Friday, August 26, 2022

Hulk Matters

As I said yesterday, I hadn't seen 2008's The Incredible Hulk until Thursday night. I'd avoided it all these years because I was holding a torch for Ang Lee's 2003 Hulk. Generally the word was that the 2008 film turned out to be vastly inferior, and I certainly found that to be true. Inferior not just to Ang Lee's movie but compared to other comic book movies in general. Certainly in 2008, which also had both The Dark Knight and Iron Man, it drew the short straw.

Do I have anything nice to say about it? It starts off more creatively than modern MCU movies, featuring location footage in Rio de Janeiro, and I love the fact that Bruce Banner is working at a soda bottling plant. It's so plausible and it connects the action plausibly back to the US but it's also really outside the box for a movie like this. I can't remember the last time a superhero had such a blue-collar job. Not since the Sam Raimi Spider-Man movies, I think. I guess there was Shang-Chi working as a valet, but that had such an obvious tie-in to the action.

Anyway, it turns out that The Incredible Hulk doesn't start with a clean slate. Producer Gail Anne Hurd, who also produced Ang Lee's movie, called The Incredible Hulk a "requel". And, yes, it does kind of pick up where Hulk left off. Banner is in South America and the people concerned about him in the US are Thaddeus Ross and his daughter, Betty, just like in the Ang Lee movie. Eric Bana as Bruce has been replaced by Edward Norton, Sam Elliot as Thaddeus has been replaced by William Hurt, and Jennifer Connelly as Betty has been replaced by Liv Tyler.
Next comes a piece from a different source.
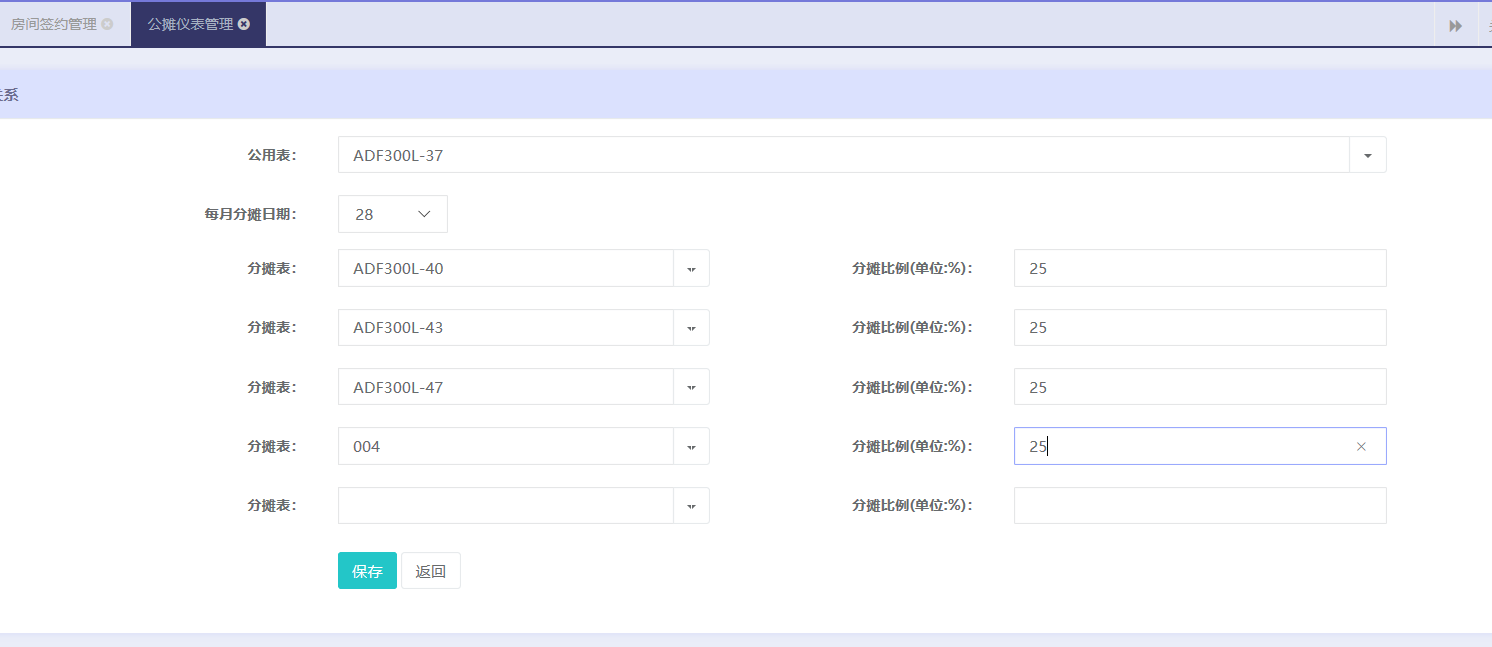 指定某塊表為主表,然后分配關(guān)聯(lián)子表,系統(tǒng)每個(gè)月自動(dòng)將主表的用電按比例換算成電費(fèi)從子表中扣除,這樣可以剩余人工統(tǒng)計(jì)的麻煩。

From Elliot to Hurt was kind of a lateral move but Tyler and Norton can't compete with Connelly and Bana. Or with Mark Ruffalo, for that matter.

The two have absolutely no chemistry. Bruce pines for her and feels pained that he has to avoid her when he's back in the US but when the two do run into each other, despite a passionate rainstorm kiss, they quickly settle into a vibe of polite acquaintances. Tyler's very pretty but the script doesn't give her much. The real problem is Edward Norton.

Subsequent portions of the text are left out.